狱卒说,“那就是屈服。"
要花多长时间才能让这个傻瓜相信带土已经降服了?
“你必须接受这种命运,因为这就是你现在所拥有的一切。当然,你可以反抗,并再次遭受折磨,但你也可以服从。服从,你就能过上轻松的生活。住所和食物,被高级猎人觊觎,只是以一些自由为代价。"
多么美好的梦想,如果带土再崩溃一点,也许他会接受这些话,但狱卒应该把那句话留给一个比他弱小的人。
像往常一样,他慢慢地移动着,拿出一个水瓶,把它推到桌子对面的带土面前。他警惕地盯着它。
“你肯定已经很久没有淡水了,”他指着它,“喝吧。"
如果拒绝,那将是一种令人满意的胜利尊严的展示,但带土已经厌倦了偶尔喝一口那种臭水,所以他拧开盖子,喝掉了整瓶水。不管有什么不可告人的动机,至少他喉咙里咕噜咕噜的干燥现在已经缓解了一点。
当时他没有袖口,没有项圈,根本没有束缚。他过去和未来的自己都会回头看着他,感叹他没有束缚,选择坐下来服从。他现在消瘦的自己很少考虑这一点。

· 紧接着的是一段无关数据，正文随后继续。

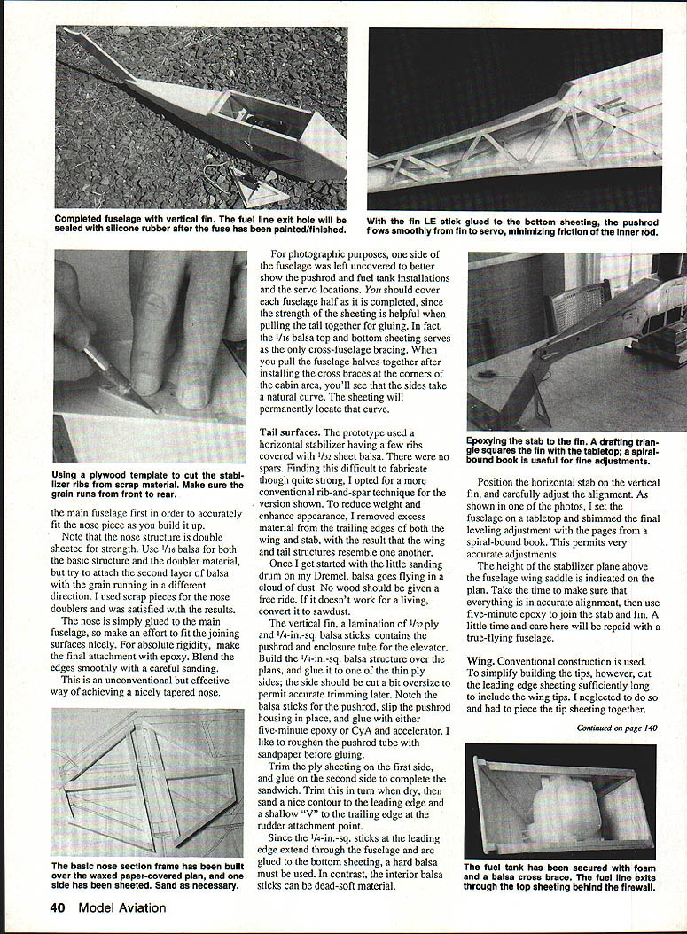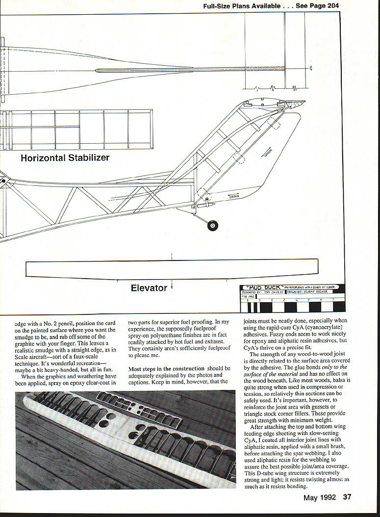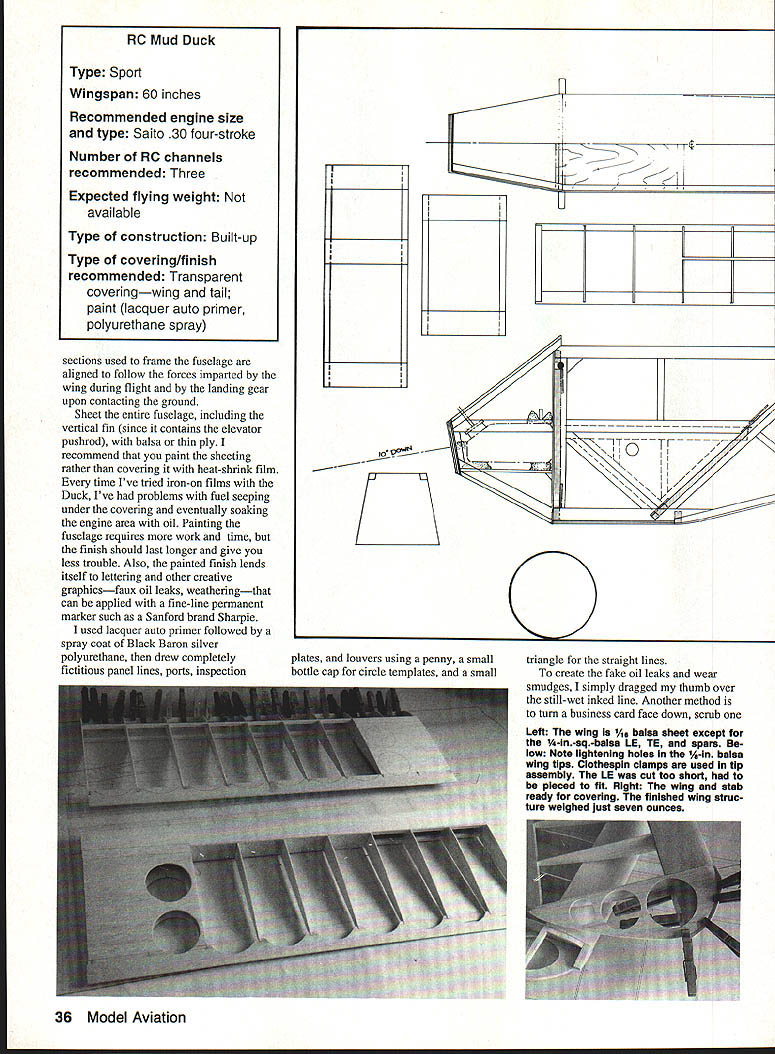 nicture Duck Above winy r sprayed Bla Ic enough beginners its ready burst aerobatics experienced re covered transparent film fuselage painted polyurethane Fictitious panel lines etc faux-scale oil leaks enjoyable r 11 th afti 4 fout dancing sed rockers c completed isnt pc n wir e en o prefe have back SI off thE rig six year lay I felt glue Aviatior fence turning ridiculously tight wing vertical hopping back over lower Duck makes laugh out loud Pylon turns around killer tree field also hoot model aerial clown irreverent puppy sage old Zen master 4fst d tli Just gentle touch stick firm hand throttle Like Old-Timer aircraft characteristically graceful lines mod isnt intended push th4 frontiers aeronautic. science Its airplane bas warmth Mud Duck subtle grace tallenges flight eels ii aesthetically occasions have handed transmitter absolute neophytes proceeded talk through standard turns level flight ant speed beginner has plenty time May 1992 33 n fly qui4 wind Left high I-tall gangly oversize wheels dancing exposed rockers little Salto 30 far cry superolean lines sanitary retracts conventional high-powered designs Right Transparent film wing tall casts interesting shadows ground comprehend react what model does contrast high-performance aircraft can fly entirely reaction time inviting certain destruction Mud Duck its safe fall behind curve hands seasoned pilot though Mud Duck will perform like air-show Super Cublow-altitude loops steep turns hedgehops kamikaze power dives one-wheel touch-and-goes stall characteristics user friendlyshell hang nose up gently drop nose mush way good breeze can pull nose up reduce throttle shell hang air like stringless kite As wind picks up lightness becomes liability ground Mud Duck requires some tie-down security Dont try land model very low altitude turbulence experienced hand controls designed penetrate structure will withstand stress normal flight landing loads wing despite its lightness has proven adequate loads possible Saito 30 four-stroke given frontal area Mud Duck tested known package Changing part requires changing other areas turn insisted attaching larger engine example youd have beef up wing thicker materials leading edge sheeting dont recommend making modifications Construction structure all-balsa except plywood used firewall wing dihedral brace sheeting vertical fin landing gear mounting panel fuselage bottom less conventional construction techniques used Use 1/16-thick sheet balsa wing fuselage additional thickness unnecessary square rectangular 34 Model Aviation Left Close-up pushrod/rudder coupling steerable tall wheel connection Right scratch-built muffler mounted place Left Salto 30 up close Note exposed pushrods open-air valves springs Center Scratch-built muffler uses small aerosol can brass tubing epoxy small section silicone tubing Right author paid serious attention replicating full-scale detail BLR SlEET 6 55 DflLS SFqR FLS YE 4EALSR RS59 4 HRRDWQD DOJEL 4B4LbflRIEBOThEND5 AND iWO CENTD BRLSR SHEET NOTE GRIN DIRECflON i LSR B FINALLY FOUND CfN LANDN ThIN ONCE SPINNER OU N TYISINThEEEOFTEHOLDERPCEU NJ 4SSPRUC TOP 6 RIBS I BLSR\ Q MLSA RILS -7 ADI MUSIC/ IG WHEEL5 3C PIINIMUP4 77 7 7 ELS LE SHEET ORBIN FRflME EILSA SHEET TOP&Eon-j .77 7 7 7zz SHEET SIDE TWO PLY NOSE ONLY NOrE GRRI DIPECnON MRLL EOUR STROKE ENGINE SHEET Th - 5QBPLSR ELEVATOR PUS-I ROD PRAWN 8 lbPi CHIPLa~* QSIGNP & STAB 490WSHEET CABIN 46 E1LSP IEET TOP&aOTlOM SIDES \ \ \ /7 7/ -716I F. SHRME T3 50 UGUI THOUGH RC Mud Duck sections used frame fuselage aligned follow forces imparted wing during flight landing gear upon contacting ground Sheet entire fuselage including vertical fin since contains elevator pushrod balsa thin ply recommend paint sheeting rather covering heat-shrink film time Ive tried iron-on films Duck Ive problems fuel seeping under covering eventually soaking engine area oil Painting fuselage requires work time finish should last longer give less trouble Also painted finish lends itself lettering other creative graphicsfaux oil leaks weatheringthat can applied fine-line permanent marker such Sanford brand Sharpie used lacquer auto primer followed spray coat Black Baron silver polyurethane drew completely fictitious panel lines ports inspection n -I I -xflA S plates louvers using penny small bottle cap circle templates small ______7 __________________ U______ __ 4 777 ii // N NK NNK / 6 [2 triangle straight lines create fake oil leaks wear smudges simply dragged thumb over still-wet inked line Another method turn business card face down scrub Left The wing balsa sheet except A-ln-sq-balsa LE TE spars low Note lightening holes A-in balsa wing tips clothespin clamps used tip assembly LE cut too short pieced fit Right wing stab ready covering finished wing struc ture weighed just seven ounces 36 Model Aviation Type Sport Wingspan 60 inches Recommended engine size type Saito 30 four-stroke Number RC channels recommended Three Expected flying weight available Type construction Built-up Type covering/finish recommended Transparent coveringwing tail paint lacquer auto primer polyurethane spray 0 Full-Size Plans Available . See Page 204 ____________ L __________ ___________ i4___ ___ ___I____I__ Horizontal Stabilizer 7 0 ____________________ Elevator tUC1 RN FROPLRB WB U &S OU HUMOR DRJ&NOO RY rofr COIPLOY BOURN BY UTURW gRCUER TCO 9Z IU3 45B III edge No 2 pencil position card painted surface want smudge rub off some graphite finger leaves realistic smudge straight edge Scale aircraftsort faux-scale technique Its wonderful recreation maybe bit heavy-handed fun graphics weathering have applied spray epoxy clear-coat two parts superior fuel proofing experience supposedly fuelproof spray-on polyurethane finishes fact readily attacked hot fuel exhaust certainly arent sufficiently fuelproof please Most steps construction should adequately explained photos captions Keep mind however joints must neatly done especially using rapid-cure CyA cyanoaciylate adhesives Fuzzy e

“信不信由你,”狱卒轻声说,“我宁愿看到你死去,在对你做了这么辛苦的工作之后。而且你知道不死在这里的最好方法,因为你还活着。"
服从,混合。服从并忘记你的情况是我为你创造的。即使只是暂时忘记,我就是一开始就把你打得落花流水的人。
他说的大部分其他话都沉了下去,像落叶一样漂浮在他周围。带土可以预见它会起作用。他想象着年轻的半兽人,还没有经过实战考验,经受住了最恶劣的折磨,并在口头上面临这个选择。
也许这就是狱卒的真正危险。
“现在告诉我,”狱卒说,“你想干什么?"
带土抬起眼睛,一动不动。
像一个人一样与狱卒交谈是他从未做过也不想做的事情。他对这个男人的仇恨压倒了一切,虽然拒绝直呼他的名字大多只是一件小事,但发现自己被一个未来即将被屠杀的无名目标折磨要容易得多。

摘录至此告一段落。